On 4 Jul 2011, at 10:12, Jeremy Hanna wrote:

> 
> On Jul 3, 2011, at 4:29 PM, Jeremy Hanna wrote:
> 
>> Anyone know if secondary index performance should be in the 100-500 ms range.  That's what we're seeing right now when doing lookups on a single value.  We've increased keys_cached and rows_cached to 100% for that column family and assume that the secondary index gets the same attributes.  I've also reduced read_repair_chance to 0.2 because it doesn't get overwritten very frequently.
>> 
>> Is the assumption that rows/keys cached is inherited correct?  Is there any way to see cfstats on secondary index sub-column families?
> 
> the answer appears to be no and no.
> 
> Trying some other stuff with tools mentioned here: http://spyced.blogspot.com/2010/01/linux-performance-basics.html but not seeing anything particularly disk bound, though await (from iostat -x) seems high on one of the devices.
> 
> One of our guys said he pointed at our realtime nodes (instead of analytic nodes) but said the performance was worse.  Granted our analytic nodes are m4.xl and our realtime nodes are currently large, but still with no load on them, it should be quite fast I would think.
> 
>> 
>> Thanks,
>> 
>> Jeremy
> 


Re: secondary index performance

Posted by Jeremy Hanna <je...@gmail.com>.
On Jul 3, 2011, at 4:29 PM, Jeremy Hanna wrote:

> Anyone know if secondary index performance should be in the 100-500 ms range.  That's what we're seeing right now when doing lookups on a single value.  We've increased keys_cached and rows_cached to 100% for that column family and assume that the secondary index gets the same attributes.  I've also reduced read_repair_chance to 0.2 because it doesn't get overwritten very frequently.
> 
> Is the assumption that rows/keys cached is inherited correct?  Is there any way to see cfstats on secondary index sub-column families?
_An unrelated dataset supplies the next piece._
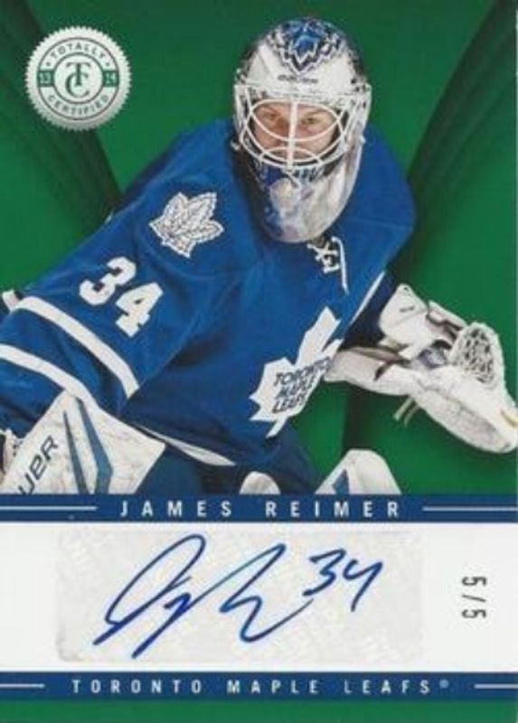 The James Reimer 2013 Totally Certified #TS-JRE Signatures Green /5 card is 1 of 3 James Reimer's card variations in the 2013 Totally Certified set being tracked by Sports Card Investor, including Signatures, and Signatures Green /5.

the answer appears to be no and no.

Trying some other stuff with tools mentioned here: http://spyced.blogspot.com/2010/01/linux-performance-basics.html but not seeing anything particularly disk bound, though await (from iostat -x) seems high on one of the devices.

One of our guys said he pointed at our realtime nodes (instead of analytic nodes) but said the performance was worse.  Granted our analytic nodes are m4.xl and our realtime nodes are currently large, but still with no load on them, it should be quite fast I would think.
 
> 
> Thanks,
> 
> Jeremy